Salvatore Ferragamo’s new collection made with orange fibre shows how brands are realising they will only make an impact if they pair up with social enterprises with radical business models, says Raffaella Cagliano

Once upon a time, there was philanthropy. It wasn’t only the richest company founders – think Gates or Zuckerberg – that devolved parts of their wealth to the cause, but increasing numbers of companies were spending revenue on social enterprises. Sometimes this was through foundations that worked separately to their business, with the support of an NGO, or through a partnership with a non-profit organisation. Yet philanthropy and charity consume resources, both money and man-hours, and often operate with businesses in the short-term. These kinds of arrangements are not sustainable solutions to dealing with the big societal challenges that we face.

So where does the solution lie? Certainly not in the business-oriented investments of large companies that are trying to seem more sustainable. As is the case for traditional innovation, sustainability-oriented or social innovation is more difficult for these incumbent companies, which are often locked into investments, systems, markets and cultures that were built around capitalist, resource-consuming business models.

However, at the other end of the market, new social ventures built around radical, new, sustainable business models, are emerging. Compared to traditional ventures, which relied heavily on the support of grants or funding/donations, these new enterprises are trying to merge the economic and social value of business practices. Their aim is to make social value economically sustainable.

Yet these new social ventures, as with many small companies, are often limited by a lack of resources and find it difficult to scale up their businesses. This often limits their potentially important contribution to the overall large-scale challenges of sustainable development. Thus the paradox of truly sustainable business models: those that have the resources don’t have enough motivation, creativity or freedom to radically redesign their business models to make them sustainable, while those that are ready to do this don’t have the resources to scale-up.

Co-founders of Orange Fiber, Adriana Santanocito and Enrica Arena (Credit: Orange Fiber)

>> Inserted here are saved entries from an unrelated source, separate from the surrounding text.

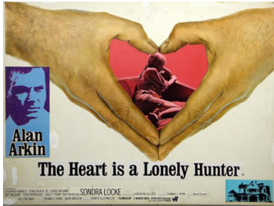
Verfilming van The heart is a lonely Hunter met Alan Arkin en Sondra Locke

kloppend hoofd' komt Singer na de lange reis terug in zijn kamer waar hij zich na even uitgerust te hebben een kogel door het hart schiet.
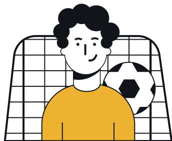
TERRAINS DE SPORT SPORTTERREINEN
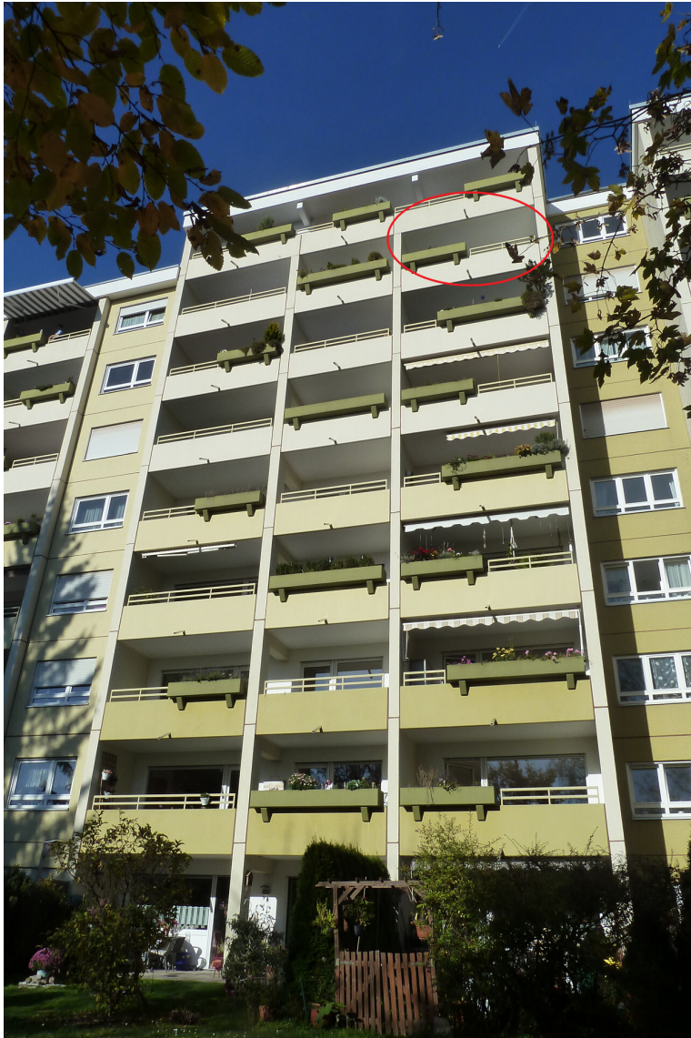
Haus Nr. 8 Westansicht

It is no surprise, then, that we are seeing a growing trend of large companies partnering with social ventures to increase the impact of their CSR.

The EurOMA Sustainable Operations and Supply Chain Forum, held at the School of Management of Politecnico di Milano in February, examined some of these key issues. Representatives from Orange Fiber, a start-up founded in Sicily that creates a sustainable textile from citrus juice by-products, were present. The company is truly sustainable; its business model is based on the reuse of waste that would otherwise pollute the environment, transport costs are reduced by the close proximity of its production plants, and the product is an eco-compatible, fully disposable fabric that could replace the petrol-based alternatives currently used in the industry.

The success of this venture may not have been possible without the investment of some well-known Italian luxury brands, including Salvatore Ferragamo, which has launched an Orange Fiber collection. Without the partnership of these organisations it would not have enough resources to move from the prototype to an industrialised process. Current materials, which are harmful to the environment, would have had no competition.

On the other hand, these big brands would not have the freedom, creativity and competency to develop such innovative new technology. The partnership serves the dual purpose of scaling up a very promising sustainable innovation and, at the same time, developing a sustainable product line for established and more conservative fashion brands.

Credit: Orange Fiber


Another example of a sustainable business partnering with bigger organisations is QUID. QUID is an ethical-fashion start-up that promotes the employment of disadvantaged women. Additionally, its products are made with surplus and scrapped fabrics from bigger fashion partners, among them the best “Made in Italy” brands. QUID collections are limited-edition, with innovative designers creatively adapting each product to suit the current supply of raw materials.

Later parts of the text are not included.